At the time, the average income for New Jersey, Pennsylvania and Connecticut non-resident New York taxpayers was $189,485, $225,921 and $432,196, respectively, the law firm said. The median household income for New York residents was $57,369, according to U.S. census figures.
“There clearly is an issue here,” said Tom Corrie, a principal at Friedman LLP and director of the firm’s state and local tax group. “It is something I’ve been thinking about and I mentioned it to my colleagues on a Zoom call.”
So far, the states are being neighborly. New Jersey recently issued guidance saying it’s business as usual: taxes will continue to be due to the state where the income is sourced. Thomas Gohsler, chief counsel of the Pennsylvania Department of Revenue, said it isn’t considering claiming the tax dollars earmarked for out-of-state employers — yet.
Connecticut is aware of the situation and currently evaluating its response, but no decisions have been made, according to Jim Polites, a spokesman for the Department of Revenue Services. The New York Department of Taxation and Finance didn’t respond to telephone calls or emails seeking comment.
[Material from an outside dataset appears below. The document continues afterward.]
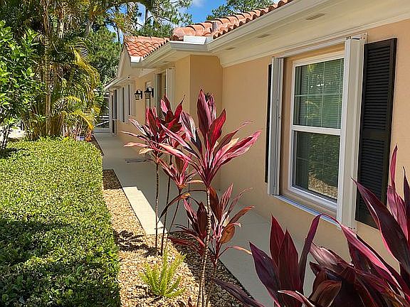 Welcome viewers, I hope you are healthy & safe! Updated furnished 2/2/2 Divosta Capri villa. NEW TILE ROOF (2021), extended, covered & screened lanai. New screen in 2020. ALL NEW IMPACT WINDOWS including 12’ slider(2021), accordion hurricane shutters. Hurricane rated full view front door. Bathrooms have been remodeled including QUARTZ countertops and frameless shower doors. Kitchen has granite countertops and cabinet pull-outs in most cabinets. Bedrooms have walk in closets. Plantation shutters throughout home, new A/C in 2019. Newer hot water tank, Crown moulding throughout, porcelain tile throughout except bedrooms are carpeted. Central vacuum system. Professionally landscaped. Exterior newly painted, all new gutters and LED soffit accent lighting. Wi-Fi lighting controls. Garden view overlooking the 16th Tee box, plenty of room to relax and entertain family & guests. Community pool and tennis courts. The Florida Club is a public golf course for ease to golf at your leisure. Monthly HOA fee includes Internet and HD cable.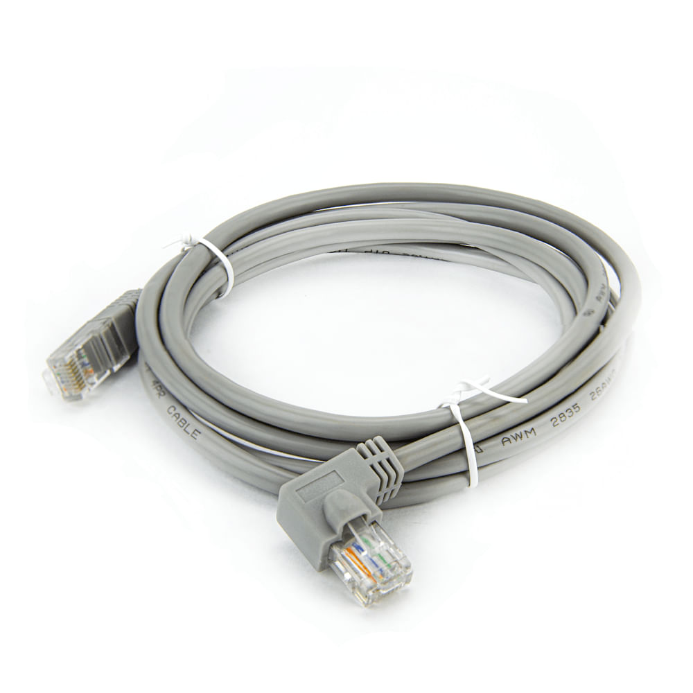 O Cabo de Rede Patch Cord Cat5 Plug 90° Graus tem posição lateral. Pode comportar interligações com modems, ethernet HUB, roteadores, computadores e outros equipamentos.

Few will deny that New York, the region’s economic powerhouse, is fiercely protective of its tax base. The state, with the highest per-capita GDP of any state in the union, doesn’t have reciprocal tax agreements and is notorious among tax lawyers for chasing dollars it believes it’s owed.
Not only is the tax imposed on those in the tri-state area, but even in far-flung places like Wyoming, where for example, a trader at a New York-based hedge fund might be able to work for the mountain vistas and the powder snow. That means you never have to set foot in New York to owe it taxes. Try to exclude even a portion of that income and expect an audit as a rule of thumb.
For workers, that tax bite (and conversely, the potential tax savings) could swing hundreds or even thousands of dollars into or out of one’s paycheck. Over the years, the necessity requirement has been challenged time and again in court. But according to tax experts, few employees have ever won.
COVID-19 changes everything, says Harvey Bezozi, a CPA in Boca Raton, Florida, who counsels clients on their New York returns.
“Folks should have a clear case for allocating their income during this time to their home state” because of government-ordered lockdowns, he said.
That doesn’t mean New York will make it any easier on out-of-state tax filers, says Matthew Rheingold, an attorney at Einhorn Barbarito. He points to New York’s response during Superstorm Sandy. The state gave people more time to file, but didn’t change rules for non-residents forced to work from home.
“Employees will have a stronger argument this time,” Rheingold said. “But absent a mandate from the state of New York, they’ll be required to at least pay and then can challenge the validity of the law.”
For companies, any change from the status quo could create headaches. A shift in an employee’s tax home could create a “nexus” — a tax presence in a state which would require businesses to file additional corporate taxes.
Whatever the case, the coronavirus is likely to prompt states to rethink how they treat remote workers, says Richard D. Pomp, the law professor at University of Connecticut. The last substantial change to New York’s guidance was in 2006.
“What this really illustrates is, when this is over, customs and traditions and mores will be changed,” he said. “This is a time bomb that predates COVID.”
As for the tax grab, Pomp made two points: First, it will be a hassle for New York to review every non-resident’s tax return to determine whether work outside the state was done out of necessity or convenience. Second, New York might seem a little tone-deaf if it actually goes after them.
“New York will appear so heartless and insensitive if they don’t give in on this,” he said.